The Merkle hash tree approach has no function to manage data integrity auditing, which is called empty proof [28]. Also, it does not provide any integrity guarantee for the data, because integrity assures that outsourced data is intact. The traditional Merkle hash tree uses either a message digest (MD) or a Secure Hash Algorithm (SHA) as the hash function. Most of the time, these functions do not indicate tree depth, which leads to second preimage attacks.

Solution: To overcome the above-mentioned drawbacks, an enhanced Merkle hash tree is implemented with a multi-owner authentication methodology to improve the performance of cloud data storage authentication. Here, a new hash function of the tiger tree hash function is replaced with an MD or SHA hash function in the Merkle hash tree.

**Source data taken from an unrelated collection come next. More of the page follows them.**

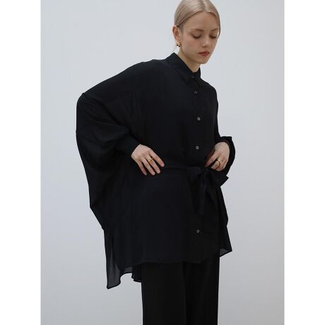 ゆったりと広めのドルマン型に、ウエストリボンのボリュームが存在感を与えるシャツ。付属のリボンをウエストに付けることでメリハリのあるシルエットにアレンジが可能。パンツに合わせればモードな雰囲気に、スカートに合わせればフェミニンな雰囲気に。一枚でコーデの幅が広がる万能なアイテムです。
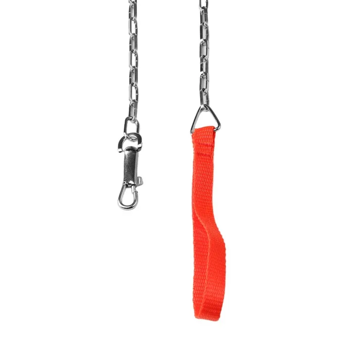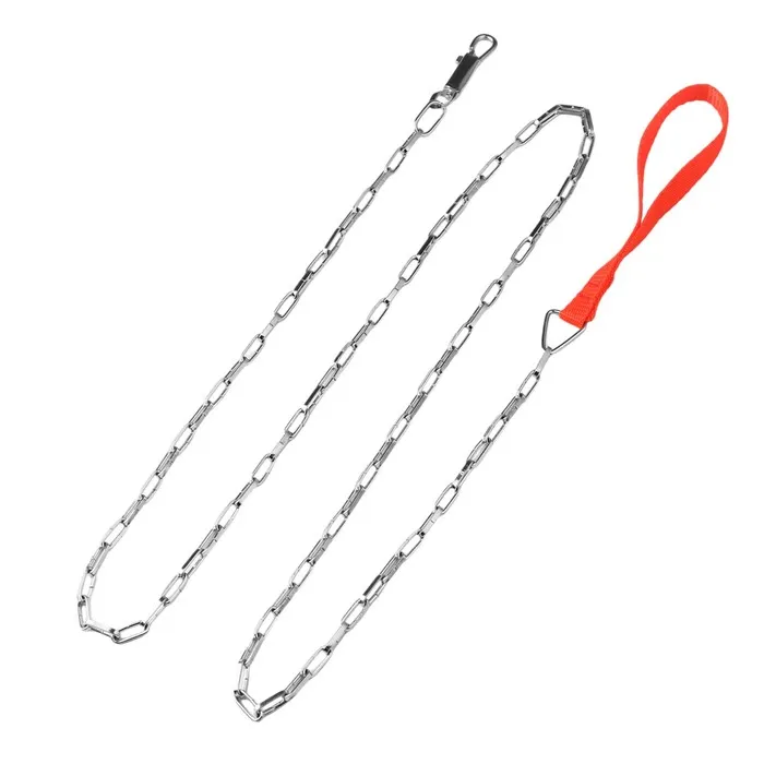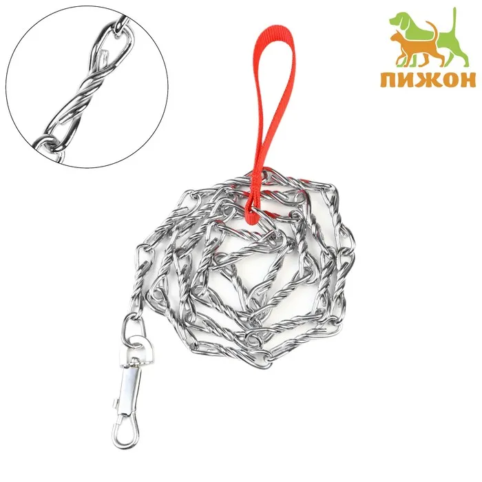 Поводок состоит из хромированной цепочки и мягкой нейлоновой ручки.
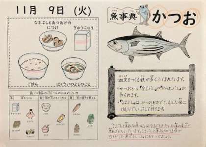 本日の献立は「なまぶしとあつあげのにつけ,牛乳,ごはん,白菜のよしの汁」です。「なまぶし」を炊いた後の煮汁で炊いた「厚あげ」は,うま味がしみこんでいて美味しかったです☆

The tiger tree hash method is a truncated version with a specific hash size, so there is no need to distinguish the defined values. It contains a total of 24 rounds, with digest sizes of 128, 160, and 192. The tiger hash function uses 244 compression functions in the 16th round to avoid equivalent time complexity and uses 248 compression functions in the 19th round to secure the stored data from a collision attack. A detailed description of multi-owner authentication and an enhanced Merkle hash tree is given in Section 4.

4  Proposed Methodology

The proposed methodology is used for data integrity, load balancing, and multi-owner authentication in the cloud environment. A publicly verifiable methodology of enhanced Merkle hash tree with multi-owner authentication is used to protect the integrity of the cloud data and also to support dynamic maintenance.

4.1 Multi-Owner Authentication

In this method, a highly secure multi-owner authentication methodology is implemented to secure the cloud server database. Initially, the data are uploaded to the cloud server by the data owner in an encrypted format using an enhanced Merkle hash tree approach.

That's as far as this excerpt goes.